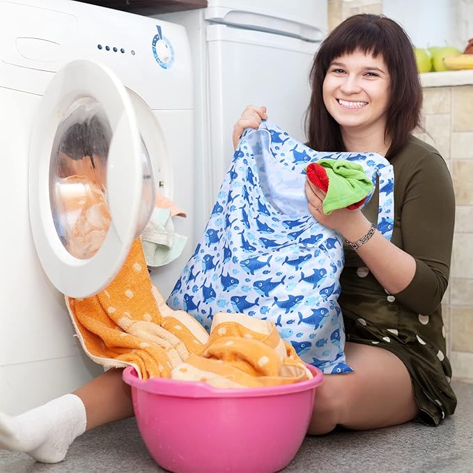 Shappy 2 Pcs Large Travel Laundry Bag Washable Waterproof Wet Dry Large Dirty Clothes Bag Bathing Workout(Shark)
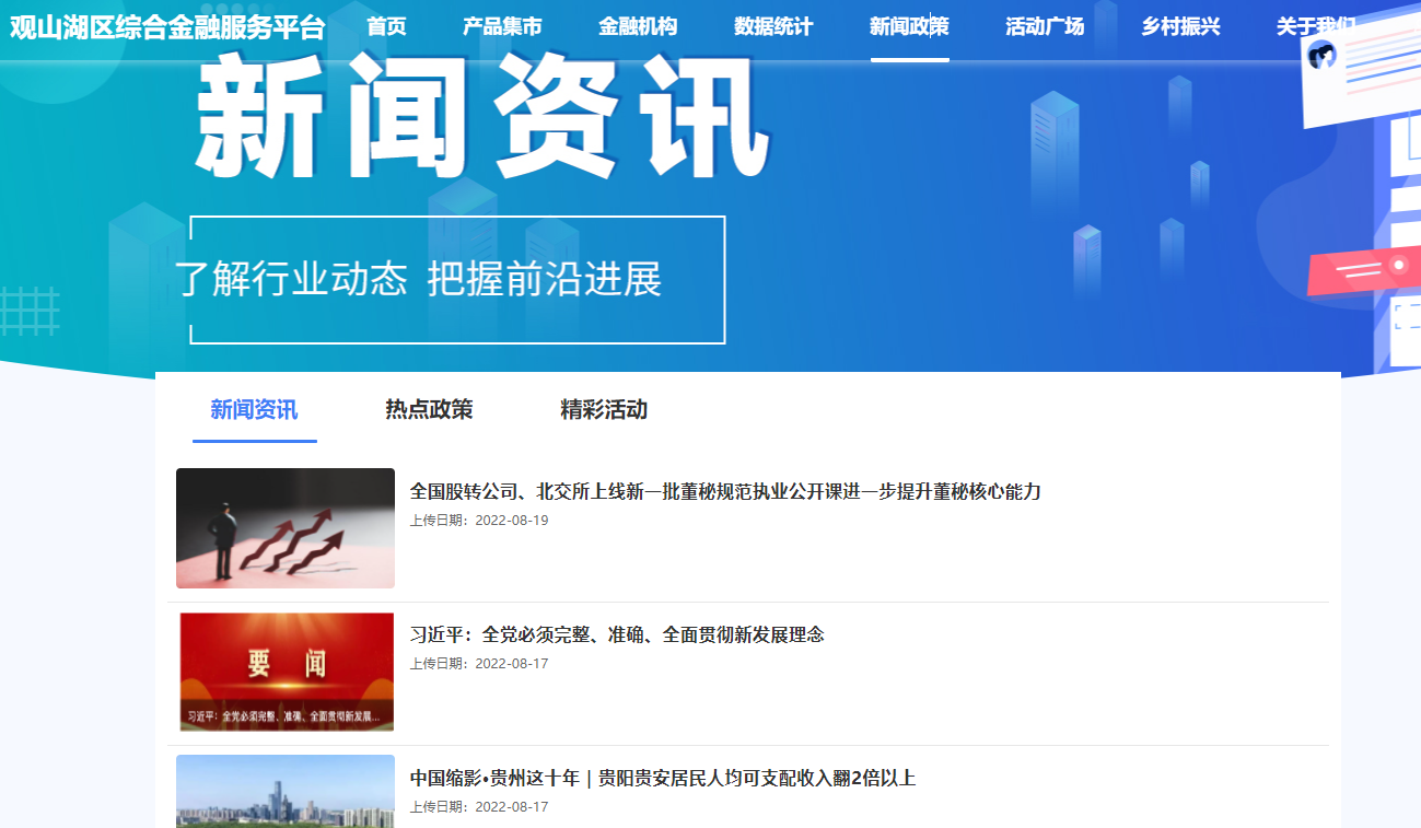 除此之外,首頁還將展示通知公告、熱點政策、精彩活動、機(jī)構(gòu)動態(tài),全方位為企業(yè)融資保駕護(hù)航,還進(jìn)行成果展示,包括入駐金融機(jī)構(gòu)數(shù)、金融服務(wù)顧問數(shù)、金融產(chǎn)品數(shù)、發(fā)布需求數(shù)、解決需求數(shù)等,各項數(shù)據(jù)一目了然。
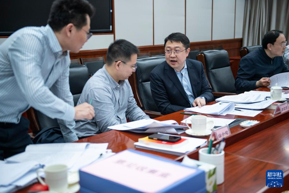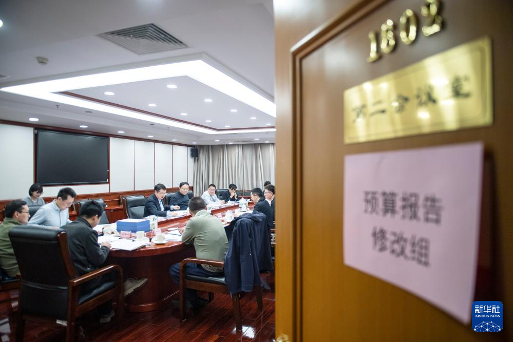 3月7日,財政部工作人員根據(jù)代表意見建議討論修改2026年預算報告。新華社記者 孫瑞博 攝
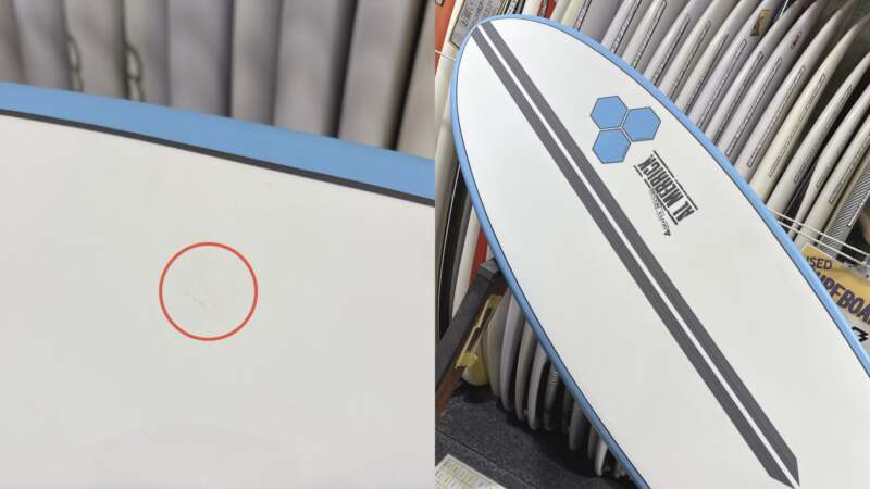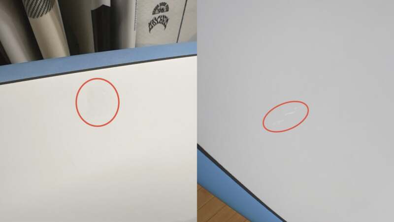 新品未使用品であっても、店舗にて展示中についた細かい傷がある場合もございます。中古ボード特有のものでございまして、価格がお安くなっている理由の一つでございます。
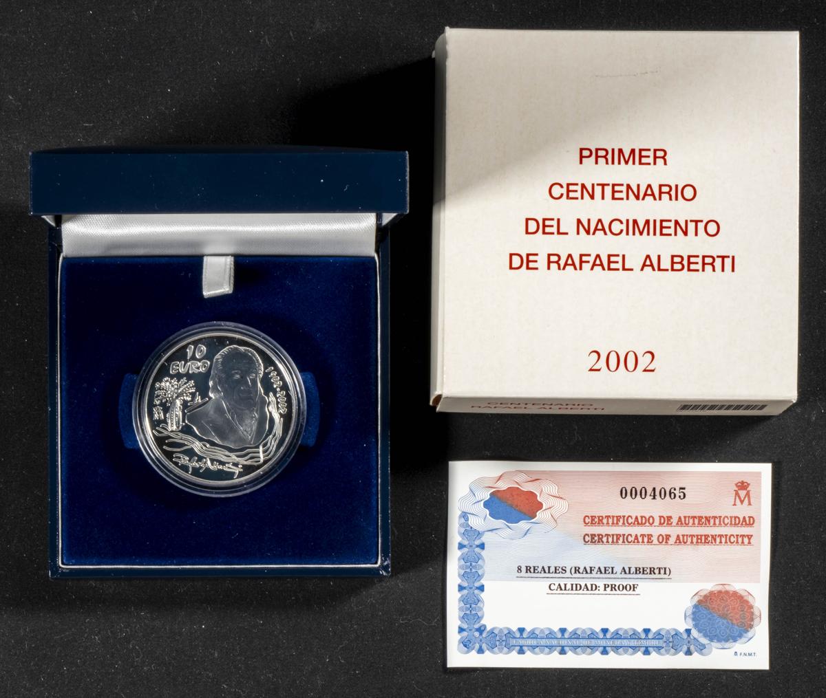 English JUAN CARLOS I (1975-2014). 10 Euros (Ar. 27.00g/40mm). I Centenary of the Birth of Rafael Alberti. 2002. FNMT PROOF. Includes original case and certificate of authenticity. Print run of 25,000 units.
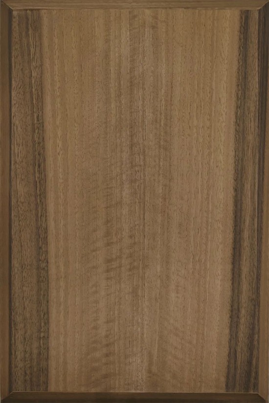 歐洲胡桃木木紋深淺適中,選用流平性較好的WAD9502S威尼斯水性雙組份清底漆濕噴,讓板材充分潤(rùn)濕。漆膜干透后自然下陷,顯現(xiàn)平整光滑的半開放效果。
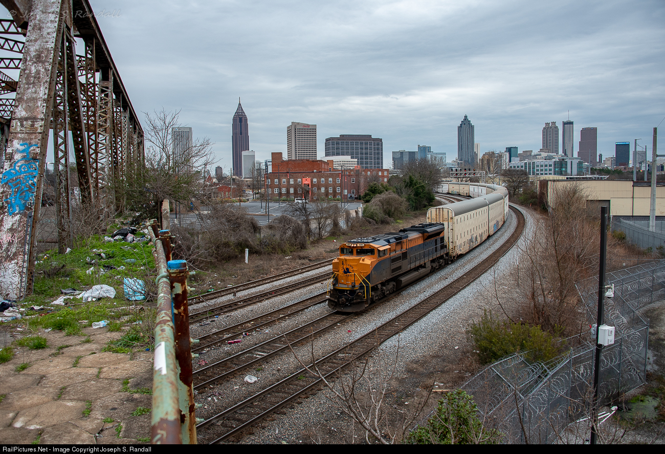 NS train 28Z is seen with the "Jersey Girl" Heritage Unit flying solo with the Atlanta Skyline providing a backdrop as it prepares to duct under Bankhead Avenue Bridge as the crew gets ready for a crew change at Jefferson Street.
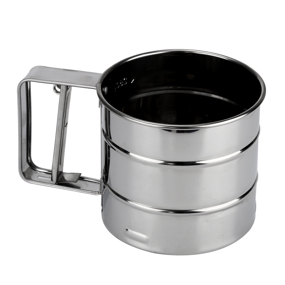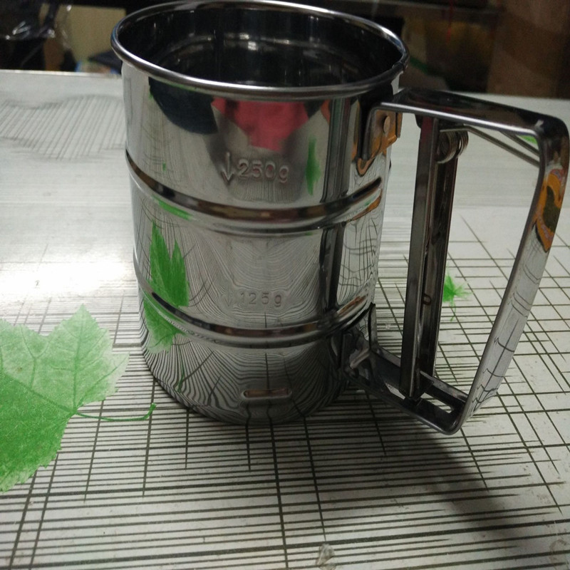 Product name: cup-shaped powder sieveMaterial: Stainless steelSpecification: height 9.5CM, diameter about 10CM(Manual measurement, allowable error)Bagged

=-=-=

WORK ORDER: Write out the records above exactly. Begin with the first line, end with the line holding "NS train 28Z", and drop the pictures.

ANSWER TO THIS PROBLEM:
 Shappy 2 Pcs Large Travel Laundry Bag Washable Waterproof Wet Dry Large Dirty Clothes Bag Bathing Workout(Shark)
 除此之外,首頁還將展示通知公告、熱點政策、精彩活動、機(jī)構(gòu)動態(tài),全方位為企業(yè)融資保駕護(hù)航,還進(jìn)行成果展示,包括入駐金融機(jī)構(gòu)數(shù)、金融服務(wù)顧問數(shù)、金融產(chǎn)品數(shù)、發(fā)布需求數(shù)、解決需求數(shù)等,各項數(shù)據(jù)一目了然。
 3月7日,財政部工作人員根據(jù)代表意見建議討論修改2026年預算報告。新華社記者 孫瑞博 攝
 新品未使用品であっても、店舗にて展示中についた細かい傷がある場合もございます。中古ボード特有のものでございまして、価格がお安くなっている理由の一つでございます。
 English JUAN CARLOS I (1975-2014). 10 Euros (Ar. 27.00g/40mm). I Centenary of the Birth of Rafael Alberti. 2002. FNMT PROOF. Includes original case and certificate of authenticity. Print run of 25,000 units.
 歐洲胡桃木木紋深淺適中,選用流平性較好的WAD9502S威尼斯水性雙組份清底漆濕噴,讓板材充分潤(rùn)濕。漆膜干透后自然下陷,顯現(xiàn)平整光滑的半開放效果。
 NS train 28Z is seen with the "Jersey Girl" Heritage Unit flying solo with the Atlanta Skyline providing a backdrop as it prepares to duct under Bankhead Avenue Bridge as the crew gets ready for a crew change at Jefferson Street.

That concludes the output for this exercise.